Sumatra: Medan

My first stop in Sumatra, the sixth largest island in the world, was Medan. The capital of North Sumatra and the largest Indonesian city outside Java with a population of just over two million, is a big, hot and busy city. I only spent one night there and I felt that it was like many large cities around the world – if you have something to do there, like work for example, then it’s great, but as a tourist there is very little to see.

I went to look at Mesjid Raya, the great mosque situated in the centre of the city. It was built in Moroccan style in 1906 by Dutch architect Dingemans, and was certainly impressive. I also saw Istana Maimun (Maimun Palace). Medan’s proximity to Malaysia means that Malay food is available here, as well as foods from across Sumatra. Motorised becaks ply the streets of Medan, a phenomena I have not seen elsewhere. Resembling a motorbike with side-car, these vehicles take the place of rickshaws in other Indonesian cities, taking passengers around town.

motorised becak

a motorised becak

Medan is very much on the backpacker trail, for travellers flying across from Kuala Lumpur and heading down through Indonesia. It has backpackers’ hostels geared towards international tourists. Having not experienced the backpacker world for a long time I checked in at Blue Angel Hostel, just south of Mesjid Raya, which seems to be the current hub of the backpacker industry in Medan. I paid Rp.50,000 for a very clean room with fan and bathroom. The bathroom was semi-indonesian style, with a sit-down toilet, and a bucket of cold water and dipper. The bed was very soft, but I got a fair night’s sleep, and it was very good value. The food was reasonably priced and tasty and cold Bintang beer was available. The Blue Angel had a friendly atmosphere and I was easily able to meet travellers from other countries.
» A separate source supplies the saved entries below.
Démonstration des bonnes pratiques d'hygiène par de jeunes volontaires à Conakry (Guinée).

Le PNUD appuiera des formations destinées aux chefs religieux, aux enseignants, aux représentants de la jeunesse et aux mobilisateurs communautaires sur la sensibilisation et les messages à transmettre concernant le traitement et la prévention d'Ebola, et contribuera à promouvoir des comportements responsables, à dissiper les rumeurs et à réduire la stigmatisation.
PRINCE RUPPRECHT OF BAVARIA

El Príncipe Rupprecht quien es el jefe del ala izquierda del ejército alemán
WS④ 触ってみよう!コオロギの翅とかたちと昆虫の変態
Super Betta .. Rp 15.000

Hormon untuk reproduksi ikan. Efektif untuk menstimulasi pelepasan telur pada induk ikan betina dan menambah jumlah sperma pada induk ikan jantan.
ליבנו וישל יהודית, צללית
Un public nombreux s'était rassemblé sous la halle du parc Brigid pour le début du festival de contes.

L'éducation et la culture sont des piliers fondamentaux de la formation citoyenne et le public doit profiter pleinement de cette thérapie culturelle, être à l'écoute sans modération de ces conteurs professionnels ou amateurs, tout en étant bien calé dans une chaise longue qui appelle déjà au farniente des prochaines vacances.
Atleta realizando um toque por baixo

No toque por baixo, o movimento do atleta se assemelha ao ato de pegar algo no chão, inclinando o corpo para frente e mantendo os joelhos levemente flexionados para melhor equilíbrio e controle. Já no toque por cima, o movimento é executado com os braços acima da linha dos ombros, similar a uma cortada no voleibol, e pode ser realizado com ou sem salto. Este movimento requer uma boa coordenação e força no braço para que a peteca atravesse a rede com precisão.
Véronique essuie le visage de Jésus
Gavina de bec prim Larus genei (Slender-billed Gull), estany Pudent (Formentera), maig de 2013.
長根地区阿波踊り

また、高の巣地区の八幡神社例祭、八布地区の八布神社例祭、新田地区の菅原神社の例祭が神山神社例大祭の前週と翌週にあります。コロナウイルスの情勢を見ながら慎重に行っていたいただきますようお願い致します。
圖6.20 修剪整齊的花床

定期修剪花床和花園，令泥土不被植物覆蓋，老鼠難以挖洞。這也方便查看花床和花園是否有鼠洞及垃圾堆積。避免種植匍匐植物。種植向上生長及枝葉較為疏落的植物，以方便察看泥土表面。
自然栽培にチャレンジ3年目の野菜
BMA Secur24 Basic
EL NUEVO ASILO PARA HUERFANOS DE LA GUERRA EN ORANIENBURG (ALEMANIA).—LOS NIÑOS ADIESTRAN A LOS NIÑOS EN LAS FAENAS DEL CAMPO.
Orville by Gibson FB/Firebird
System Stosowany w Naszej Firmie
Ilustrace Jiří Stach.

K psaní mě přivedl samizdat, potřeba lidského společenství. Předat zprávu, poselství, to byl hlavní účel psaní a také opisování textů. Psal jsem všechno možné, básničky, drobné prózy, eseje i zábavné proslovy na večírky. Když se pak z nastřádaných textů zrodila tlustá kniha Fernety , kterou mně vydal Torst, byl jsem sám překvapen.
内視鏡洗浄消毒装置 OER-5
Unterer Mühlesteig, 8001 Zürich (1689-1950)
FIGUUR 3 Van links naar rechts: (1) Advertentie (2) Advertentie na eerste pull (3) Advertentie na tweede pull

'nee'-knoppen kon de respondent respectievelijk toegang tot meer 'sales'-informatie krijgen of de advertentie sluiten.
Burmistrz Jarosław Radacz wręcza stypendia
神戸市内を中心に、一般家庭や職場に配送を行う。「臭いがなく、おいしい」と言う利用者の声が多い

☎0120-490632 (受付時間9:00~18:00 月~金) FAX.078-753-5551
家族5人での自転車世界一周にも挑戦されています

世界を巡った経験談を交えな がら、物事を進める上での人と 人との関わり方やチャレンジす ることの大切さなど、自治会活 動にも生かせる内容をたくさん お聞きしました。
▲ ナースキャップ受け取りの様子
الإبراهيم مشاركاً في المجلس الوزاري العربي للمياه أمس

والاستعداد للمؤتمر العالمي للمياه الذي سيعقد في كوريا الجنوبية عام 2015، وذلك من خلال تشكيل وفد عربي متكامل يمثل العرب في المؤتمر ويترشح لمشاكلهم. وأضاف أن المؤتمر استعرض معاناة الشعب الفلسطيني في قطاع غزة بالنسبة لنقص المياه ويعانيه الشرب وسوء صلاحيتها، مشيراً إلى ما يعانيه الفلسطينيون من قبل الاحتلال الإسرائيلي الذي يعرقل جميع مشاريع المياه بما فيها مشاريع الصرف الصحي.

Leaving Medan to travel to Bukit Lawang I walked to Istana Maimon and took an angkot (yellow minibus) no 64 to the Pinang Baru bus terminal. I paid Rp.5000 for this but perhaps it should have cost less. On the Bukit Lawang bus the conductor tried to make a killing charging all the foreigners Rp.30,000 each when it should have been less. I haggled and in the end he reluctantly dropped the price for me, after coming up with all sorts of nonsense about how he’d get arrested. I was surprised by how many foreign tourists I saw in Medan, even in the off-season. It was a bit of a shock for me to be thrown back into the world of being ripped off for being white, but that’s life, as a white tourist in Asia.